● Task item:
Every line from the one with "Two permitted mobile" up to and including the one with "- Special Design" is to be output exactly as it appears below; pictures are not.

● Entries shown:
* * *

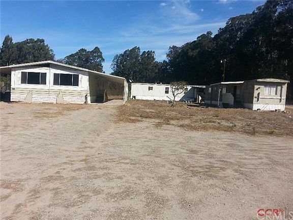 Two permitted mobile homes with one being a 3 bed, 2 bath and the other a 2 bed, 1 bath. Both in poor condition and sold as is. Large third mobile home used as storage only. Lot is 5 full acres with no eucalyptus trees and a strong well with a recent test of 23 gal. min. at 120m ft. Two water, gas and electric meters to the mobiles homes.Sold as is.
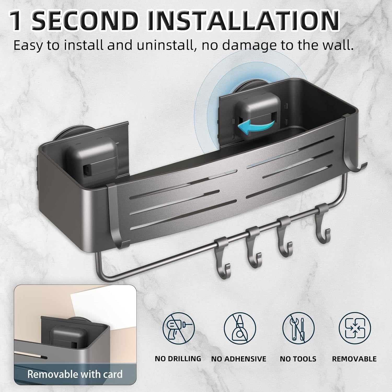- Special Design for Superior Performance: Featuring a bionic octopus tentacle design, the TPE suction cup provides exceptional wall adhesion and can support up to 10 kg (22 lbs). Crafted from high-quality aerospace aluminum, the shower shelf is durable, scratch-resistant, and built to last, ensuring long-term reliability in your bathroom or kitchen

* * *

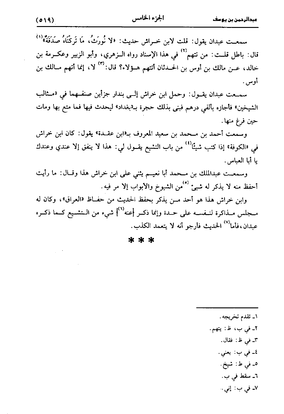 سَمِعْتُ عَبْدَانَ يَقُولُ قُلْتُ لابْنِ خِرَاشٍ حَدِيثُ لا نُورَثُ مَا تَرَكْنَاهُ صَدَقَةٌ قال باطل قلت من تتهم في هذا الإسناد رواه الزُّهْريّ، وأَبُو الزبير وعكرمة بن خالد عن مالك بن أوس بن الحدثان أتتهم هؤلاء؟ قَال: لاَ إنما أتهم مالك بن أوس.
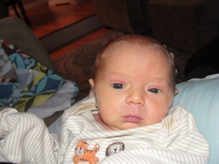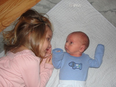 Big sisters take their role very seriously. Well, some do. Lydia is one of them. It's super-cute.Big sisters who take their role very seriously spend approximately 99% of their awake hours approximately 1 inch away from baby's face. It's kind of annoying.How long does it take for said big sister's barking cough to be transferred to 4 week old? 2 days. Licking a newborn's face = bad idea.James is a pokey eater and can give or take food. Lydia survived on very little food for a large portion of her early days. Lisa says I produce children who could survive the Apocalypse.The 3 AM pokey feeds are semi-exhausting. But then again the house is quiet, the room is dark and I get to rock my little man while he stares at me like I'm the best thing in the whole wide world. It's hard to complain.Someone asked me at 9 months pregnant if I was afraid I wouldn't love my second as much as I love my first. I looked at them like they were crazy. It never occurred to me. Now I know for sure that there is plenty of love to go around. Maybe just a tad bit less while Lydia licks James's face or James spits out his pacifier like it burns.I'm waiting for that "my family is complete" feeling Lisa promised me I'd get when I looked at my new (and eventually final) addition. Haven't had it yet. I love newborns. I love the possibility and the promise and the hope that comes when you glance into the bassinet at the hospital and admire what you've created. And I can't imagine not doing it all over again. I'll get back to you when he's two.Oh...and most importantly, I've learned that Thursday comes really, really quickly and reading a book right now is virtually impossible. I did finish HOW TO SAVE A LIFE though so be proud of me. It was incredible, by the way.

* * *

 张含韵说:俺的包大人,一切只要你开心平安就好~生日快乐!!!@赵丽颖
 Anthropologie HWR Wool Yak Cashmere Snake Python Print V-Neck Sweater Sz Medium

* * *

● Reply to the task:
 Two permitted mobile homes with one being a 3 bed, 2 bath and the other a 2 bed, 1 bath. Both in poor condition and sold as is. Large third mobile home used as storage only. Lot is 5 full acres with no eucalyptus trees and a strong well with a recent test of 23 gal. min. at 120m ft. Two water, gas and electric meters to the mobiles homes.Sold as is.
- Special Design for Superior Performance: Featuring a bionic octopus tentacle design, the TPE suction cup provides exceptional wall adhesion and can support up to 10 kg (22 lbs). Crafted from high-quality aerospace aluminum, the shower shelf is durable, scratch-resistant, and built to last, ensuring long-term reliability in your bathroom or kitchen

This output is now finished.